Tanzania lures tourists to live with primitive tribe

Tanzania lures tourists to live with primitive tribe

Adventure tourists take cultural journey, learn hunting, survival skills with Hadza tribe living in forests of Tanzania

By Kizito Makoye

Manyara, TANZANIA (AA) – Tanzania is enticing adventure tourists to spend time with the primitive Hadza tribe living deep inside forests of Yaeda Valley in the northern part of the country.

Numbering approximately 1,300, anthropologists believe that they represent a modern link to ways of human existence and survival.

The tourists, who enlist for the trip undertake a cultural journey, learn hunting techniques and survival skills from this primitive tribe, said Ezekiel Phillipo, a leader of the Hadza community.

From lighting a fire by rubbing a wooden stick between their palms against a small hole gouged on a piece of log, the tourists grasp the ancient technique of igniting the fire.

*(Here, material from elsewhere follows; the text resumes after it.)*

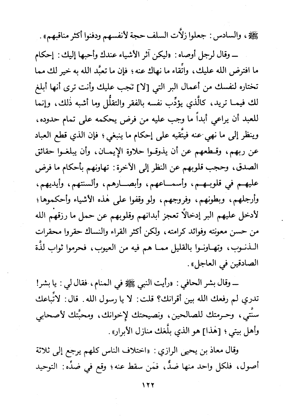 وَقَالَ بِشْرٌ الْحَافِي: " رَأَيْتُ النَّبِيَّ صَلَّى اللَّهُ عَلَيْهِ وَسَلَّمَ فِي الْمَنَامِ، فَقَالَ لِي: يَا بِشْرُ! تَدْرِي لِمَ رَفَعَكَ اللَّهُ بَيْنَ أَقْرَانِكَ؟ قُلْتُ: لَا يَا رَسُولَ اللَّهِ، قَالَ: لِاتِّبَاعِكَ سُنَّتِي، وَحُرْمَتِكَ لِلصَّالِحِينَ، وَنَصِيحَتِكَ لِإِخْوَانِكَ، وَمَحَبَّتِكَ لِأَصْحَابِي وَأَهْلِ بَيْتِي؛ هُوَ الَّذِي بَلَّغَكَ مَنَازِلَ الْأَبْرَارِ ".

A tourist Jennifer Brown, who has flown from Michigan in the US to spend time with the primitive tribe, said they deserve an improved life.

“It is a fantastic experience. It baffles my mind how these people manage to survive with very little resources,” she said.

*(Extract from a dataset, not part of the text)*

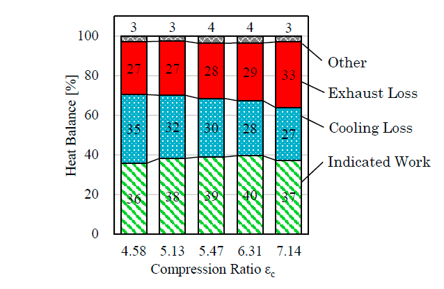 本研究(4-1)は,再生可能エネルギーを利用した水素製造過程で生成される水素と酸素の双方を有効利用しうるエンジンとして,アルゴンクローズドサイクル水素エンジン(図4-1)に関する一連の実験研究(第1~3報)の第2報である.作動ガス中のAr比率を高めると,圧縮端温度の上昇によりノッキングが問題となる.これを回避するために本報では,可変動弁系を用いて実圧縮比のみを下げて高膨張比サイクルとする検討を行った.その結果,燃焼室容積および発熱ガス量一定,作動ガス中Ar比率100%で,吸気弁閉じ時期により実圧縮比を7.1から4.6まで低下させると,吸気ガス量の減少に伴う爆発度の上昇と燃焼速度上昇にともない等容度が向上し,図示効率はやや低い圧縮比(6.3~5.1)において高くなることなどを明らかにした(図4-2).(河崎)

She had joined Hadza women singing and dancing under a moonlit night. She recalls that men dressed in feathered headdresses and bells around their ankles stomped their right feet in the tune of the singing.

Luka Kikwa, 30, a tribal said the visitors share dinner with his family, which includes hunted animals and edible plants. The tribals eat everything they can kill, from birds to wild pigs, buffalos to baboons.

According to Phillipo, they smear poison on their arrow tips made up of the boiled sap of the desert rose and are powerful enough to kill a big animal. Tourists spend nights in temporary thatched shacks made of dried grass and tree branches, the abode of tribals.

Kikwa in his home has just a cooking pot, water container, and an ax which he often carries on his shoulder.


-Showcasing ancient skills

While there is little hunting ground now left due to encroachments, off late the tribal elders with the help of the Tanzanian government have switched to earn a living by promoting cultural tourism, where they demonstrate their unique skills to visitors.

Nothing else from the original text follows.